I'm working on a multilabel classification problem; there are $N$ classes and each example can belong to $[0, N]$ of those classes. Below you can see the precision and recall computed using various averaging options with sklearn.metrics.precision_recall_fscore_support
. The number in square brackets is the total area under the curve.
Intuitively, I understand the difference between micro
and macro
: if I have imbalanced classes, then the rarer classes will still contribute the equally as the more common classes.
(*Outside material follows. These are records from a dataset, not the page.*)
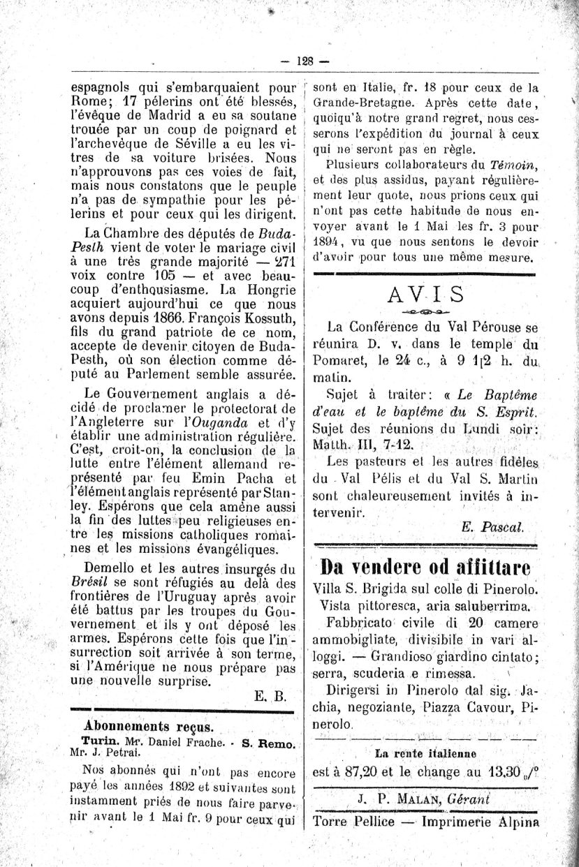 divers. ~ Revue politique. — Abonnements payés. — Annonces.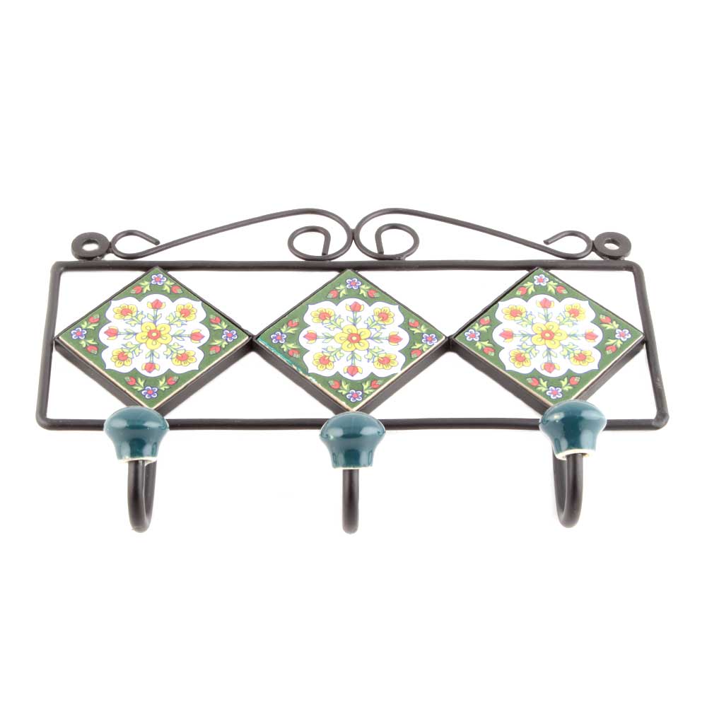 Forest Green White Floral Tiles Hook. When Put on Wall or Cabinet it is an Art in itself. The Metal Part of this Hook is Black Powder Coated.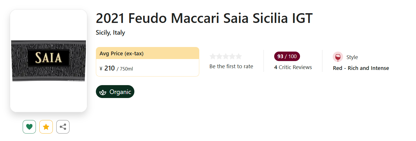 【100%中奖!发布酒评参与免费送同款! 酒云超十年经久不衰爆款大作】Feudo Maccari Saia 2021 单支/双支/六支 现货速发!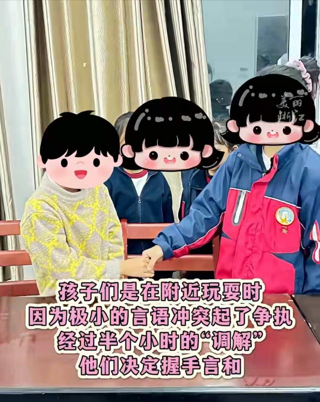 萌翻!7 名小学生吵架组团去派出所评理,这波操作该夸还是该引导? 12 月 24 日浙江丽水,7 个小学生玩耍时起争执,谁也不服谁,竟直接跑到派出所找警察叔叔 “评理”。民警超有耐心,特意开调解室让孩子们分边发言,男生女生各推代表陈述,半小时后大家握手言和,还鞠躬感谢民警。 这事儿看着好笑,其实藏着两层意思。一方面得夸孩子们 —— 知道找 “权威第三方” 解决矛盾,比哭闹、动手或找家长 “撑腰” 更有想法,说明他们有规则意识,知道 “有问题找警察”。但另一方面也要注意,这更像孩子找不到合适解决渠道的无奈之举,也暴露了日常冲突处理教育的小缺口。 该夸的点: 规则感在线:知道寻求中立第三方裁决,不蛮干,比很多只会撒泼的成年人还理性。 沟通意识强:愿意当众表达诉求,而不是闷着或私下报复,这是社交能力的小进步。 要引导的地方: 优先渠道错了:小学生吵架,首选该找老师、家长,派出所是处理违法犯罪的地方,不该成 “儿童纠纷调解站”。 情绪管理不足:争执升级到要找警察,说明他们还不会冷静沟通、换位思考,需要大人教具体的化解方法。 给家长和老师的小建议: 教步骤:吵架先冷静→各自说诉求→一起想办法→互相道歉,一步步练沟通技巧。 立渠道:明确遇到矛盾先找班主任、家长,这些是更适配孩子的 “第一调解人”。 做示范:大人处理分歧时少指责、多协商,孩子会跟着学。 总的来说,孩子们主动找渠道解决问题值得肯定,但更要帮他们分清场合、掌握更高效的沟通方式,让他们真的会解决问题。

This is one reason why macro
can do better than micro
, which is if rarer classes that have good performance and are skewing results with heavier contribution they they normally would have.
However, what I don't understand is why weighted
can do so much better than everything else - if anything, I would think that weighted
should place somewhere in between micro
and macro
, as rarer classes will once again be weighted less (other threads have suggested using weighted
as a "stand in" for micro
).
Finally, there's samples
, which calculates statistics for per-example (instead of per-class), then takes the unweighted average across all examples. This is obviously the same as transposing the results so classes become examples and examples become classes, then taking the macro average. I am not sure when to use these at all.
Thanks in advance for any advice.
In short: in multilabel classification, if weighted
averaging of precision and recall gives much "better" results than micro
and macro
, what is this indicative of?